Problem Set 1
Problem Set Due Wednesday February 12 at 7pm on Canvas.
For this problem set you will hand in a .Rmd file and a knitted html output. There is a .Rmd template file on the assignment page on Canvas you can use to write your answers.
Please make life easy on us by using comments to clearly delineate questions and sub-questions.
Comments are not mandatory, but extra points will be given for code that clearly explains what is happening and gives descriptions of the results of the various tests and functions.
Reminder: Put only your student number on the assignments, as we will grade anonymously.
Collaboration on problem sets is permitted. Ultimately, however, the write-up and code that you turn in must be your own creation. You can discuss coding strategies or code debugging with your classmates, but you should not share code in any way. Please write the names of any students you worked with at the top of each problem set.
Note: As I mentioned in class a key skill with R is to use square brackets to access and subset of information. The purpose of this assignment is to get use to using the square brackets to index vectors and matrices with column and row numbers. That is what you are to do in all questions. If you use the $
operator to answer any of these questions you will not receive full credit.
Question 1 (45 points)
Below is a table of data on electric vehicle registrations and population for 5 US states. This data is from the US Census Bureau (https://www.census.gov/quickfacts/fact/table/NY,PA,CO,FL,WA/PST045222) and the Department of Energy’s Alternative Fuels Data Center (https://afdc.energy.gov/data)
state | pop | electric.vehicles |
---|---|---|
1 | 19.67 | 84670 |
2 | 12.97 | 47440 |
3 | 5.84 | 59910 |
4 | 22.25 | 167990 |
5 | 7.78 | 104050 |
(a) Using R, create three vectors: state
, pop
(which is the state population in millions) and electric.vehicles
, which correspond to the data in this table.
(b) Create an object cars
, which combines these three columns into a matrix.

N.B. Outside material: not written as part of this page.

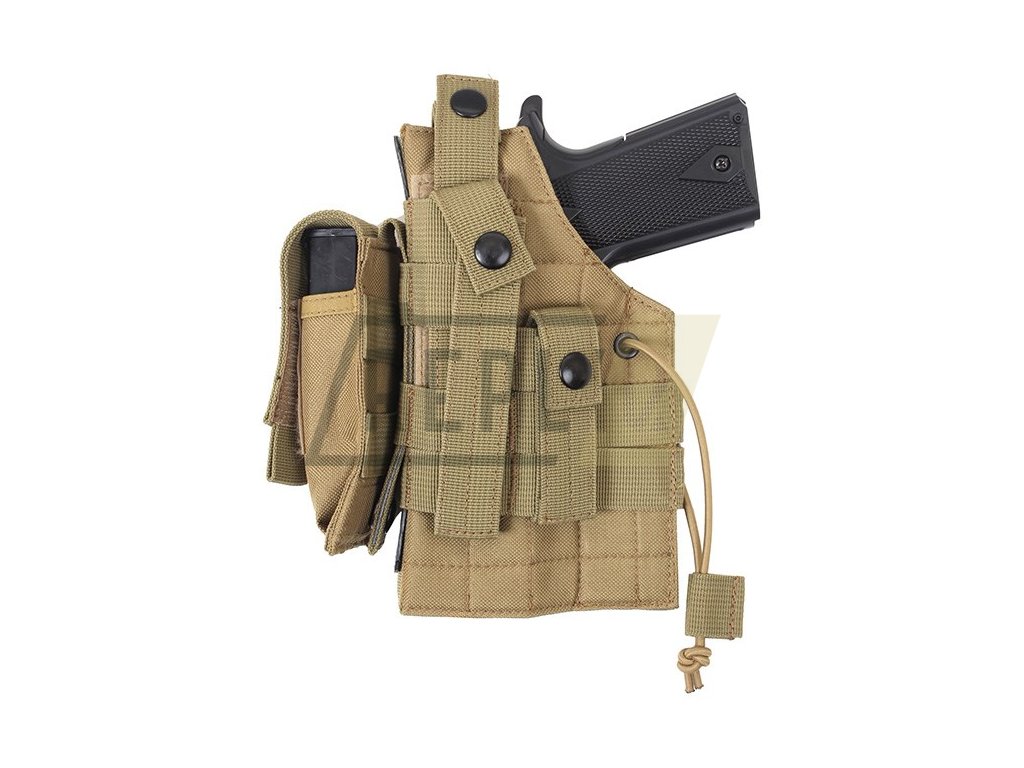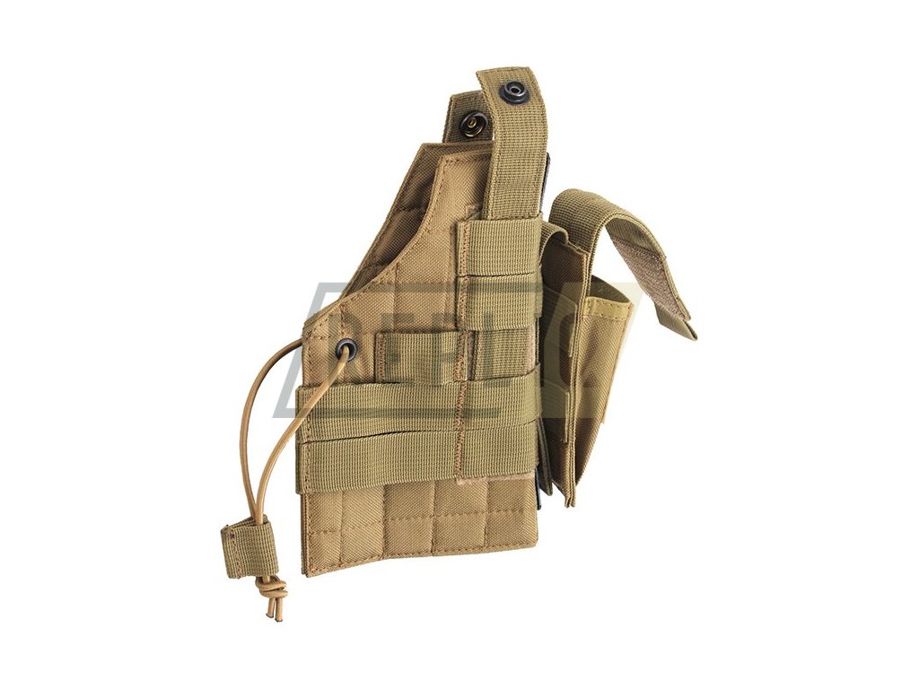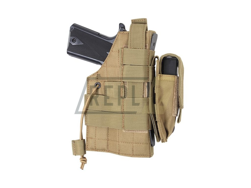 Pistolové pouzdro s elastickým popruhem pro bezpečné uložení zbraně v pouzdře. Samostatná kapsa na zásobník, odnímatelné MOLLE popruhy - lze uzpůsobit pro praváky i leváky. Materiál: 600D polyester.

(c) Using built in R functions, report what the mean, median, max, and min is of the 2nd column of cars
. In words: what do these numbers represent?
(d) Using built in R functions, report what the mean, median, max, and min is of the 2nd row of cars
. In words: what do these numbers represent?
(e) Create a new vector, electric.vehicles.per.1000
that is the number of electric vehicles per 1000 people in the state. Add this vector to your matrix.
(f) Create a scatterplot with population on the x-axis, and electric.vehicles.per.1000
on the y-axis. (Bonus, using the text()
function, replace the “dots” with the state abbreviations. The states are: “NY”,“PA”,“CO”,“FL”, “WA”)
(g) What would you say about the relationship between the size of a state and the adoption of electric vehicles in these data? Are you confident that this relationship is true in the real world?
Question 2 (45 points)
Run the following code to load the data frame soc.media
into R:
library(rio)
soc.media <- import("https://github.com/marctrussler/IDS-Data/raw/main/PS1Data.Rds", trust=T)
(a) Use R to report the class of each variable in soc.media
.
(b) How many men spend 3 or more hours per day on social media? What is the preferred network of men who spend more than 3 hours per day on social media?
(c) How many women over 45 say their favorite network is facebook or instagram?
(d) Create and interpret a scatterplot where age is on the x-axis and daily social media use is on the y-axis.
(e) Using the variable much.time
(which indicates whether the respondent thinks they spend too much time on social media, or not), alter the scatterplot created in (d) so that we can see the relationship between age and daily social media use separately for those who think they spend too much time on social media and those that do not.
Question 3 (10 points)
Pretend I run a monthly survey of Americans where I determine the proportion of Americans who approve of Donald Trump. Below is a table for two months (m
) that gives the number of people in the survey (n
), the proportion who support Trump (p
), and the standard deviation of the amount of support for Trump (s
).
m | n | p | s |
---|---|---|---|
1 | 10 | 0.56 | 0.25 |
2 | 10000 | 0.51 | 0.25 |
In which month are you most confident that the true level of support for Trump among all Americans is not 50%? You do not need a precise answer to this question, but you should do a couple of calculations to help you decide.